> **To do**
Skip the pictures, please, and write out exactly the lines from the opening of the data through the line containing "ANRABESS Jumpsuits for".

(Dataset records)

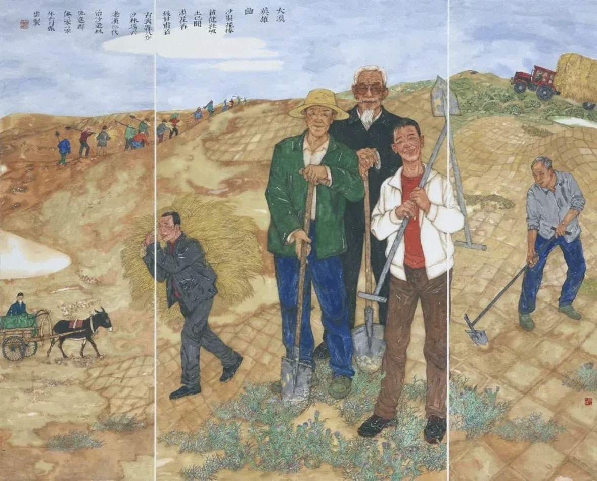 《大漠英雄曲——致敬八步沙六老汉三代人治沙造林先进群体》纸本设色 192×154cm 2020
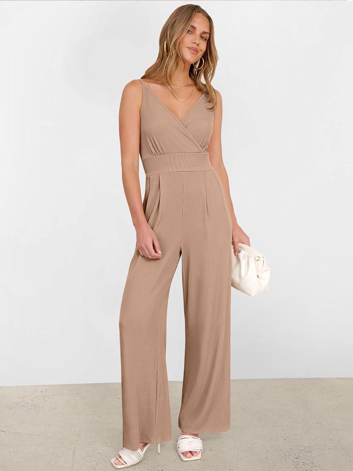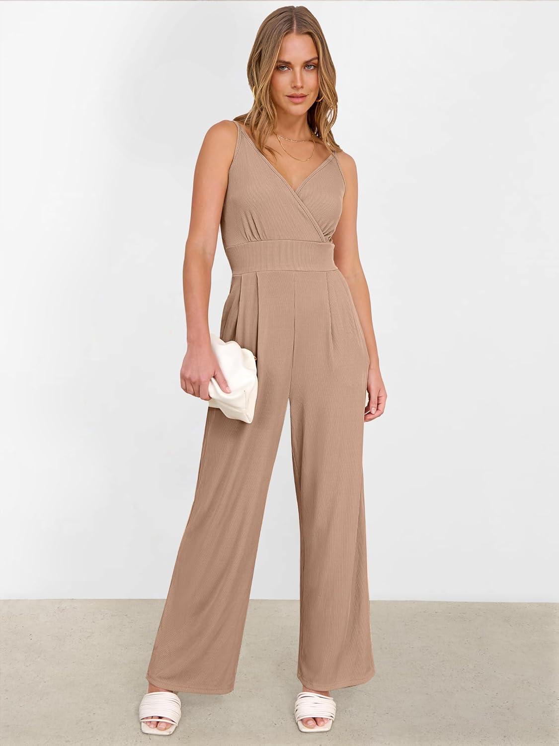 ANRABESS Jumpsuits for Women 2025 Summer Dressy Spaghetti Strap Ribbed V Neck Wide Leg Overalls Flowy Romper Jumpers Outfits(Light Brown)
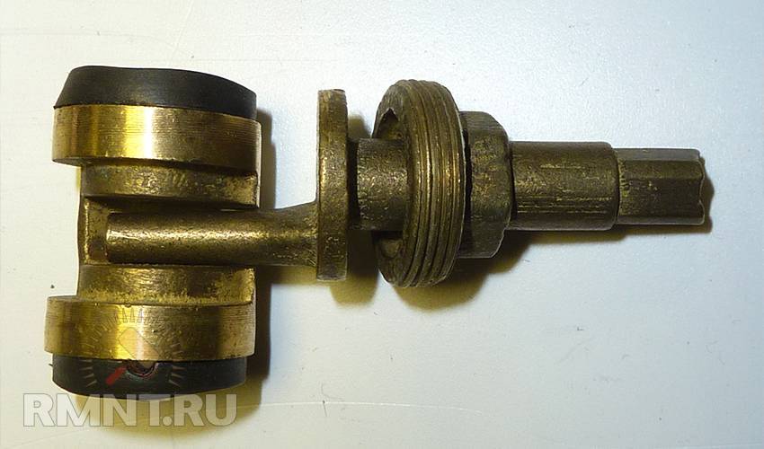 На поворотном штоке есть ограничительный винт, который регулирует угол поворота керамических прокладок. Если его выкрутить, то шток можно вынуть с внутренней стороны корпуса и, при необходимости, заменить резиновую прокладку, из-за износа которой вода может протекать из-под «барашка» при открытом кране. Строительным ножом аккуратно срезается старая прокладка и на ее место устанавливается новая. Затем шток ставится на место и вкручивается ограничительный винт.
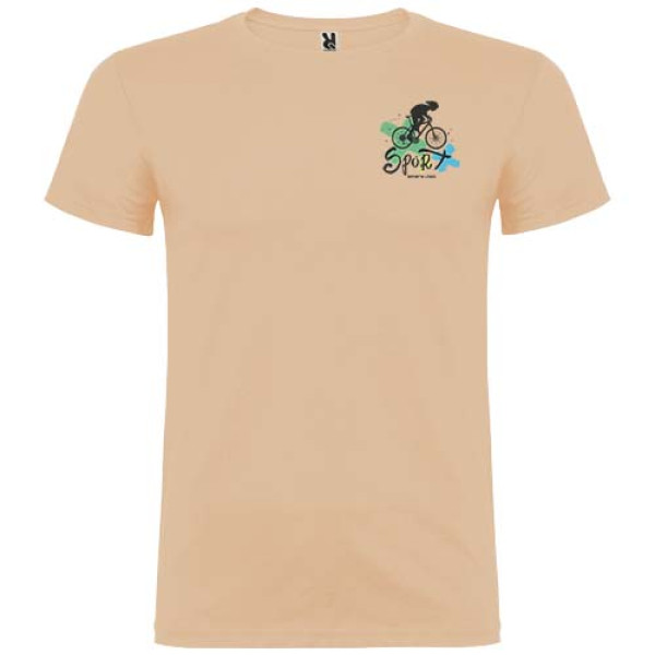 Short-sleeve t-shirt with double layer crew neck in elastane, made in tubular fabric for adults. Reinforced covered seams in collar. Removable label. The model is 190 cm and is wearing size L.
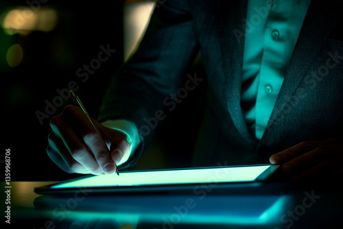 A person in a suit using a stylus on a glowing tablet in a dimly lit environment with dark background
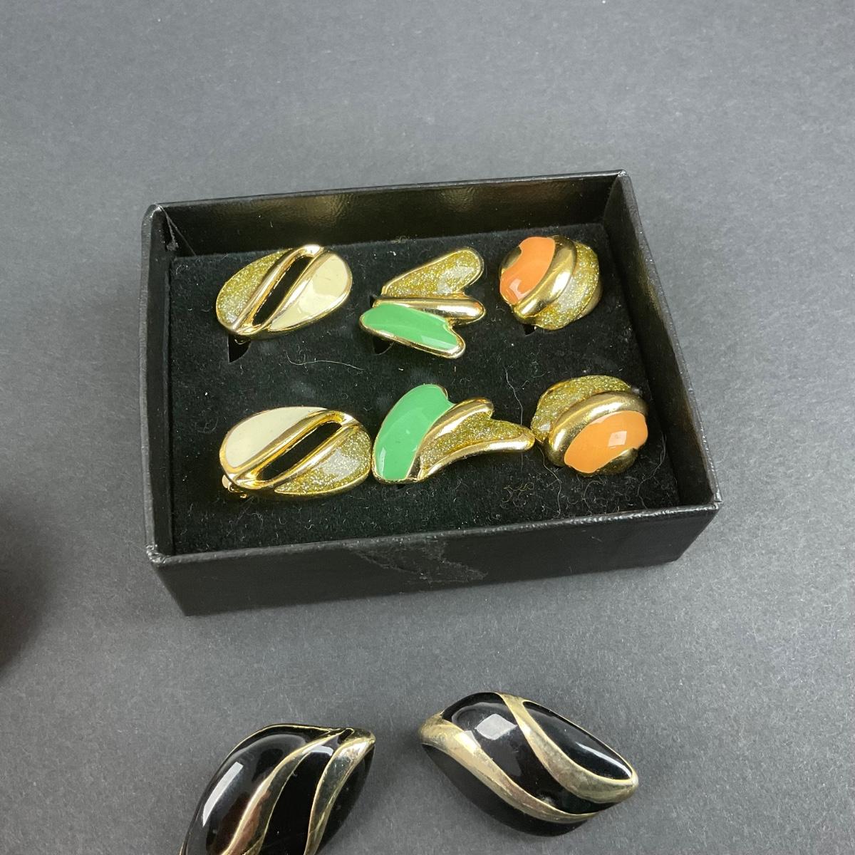 Eight pair of miscellaneous clip earrings, one of the earrings is missing a piece and damaged. Everything else is in good shape. Please see photos for details and condition. Any condition statement is given as a courtesy to a client, is an opinion, and should not be treated as a statement of fact. Reference to condition written, oral or within a condition report shall not be regarded as a full account of condition and may not include all defects, alterations, or restorations. Absence of a condition report does not imply a lot is flawless or lacking imperfections or damage. Katherine’s Auction & Appraisal Service shall have no responsibility for any error or omission. Returns shall not be accepted on the basis of condition. ::: Shipping is available on this lot. If you require shipping you must let us know at the close of the auction. We will coordinate with you after the item has been won. Shipping fees will include insurance up to or exceeding the value of all items being mailed. If you have any questions regarding this lot please contact the auctioneer either via this website, by direct email or by phone. PICK UP TIMES and other important information can be found in the TERMS and DESCRIPTION of the auction. Please take a look for pertinent information. Thanks!

> **Result of this task**
 《大漠英雄曲——致敬八步沙六老汉三代人治沙造林先进群体》纸本设色 192×154cm 2020
 ANRABESS Jumpsuits for Women 2025 Summer Dressy Spaghetti Strap Ribbed V Neck Wide Leg Overalls Flowy Romper Jumpers Outfits(Light Brown)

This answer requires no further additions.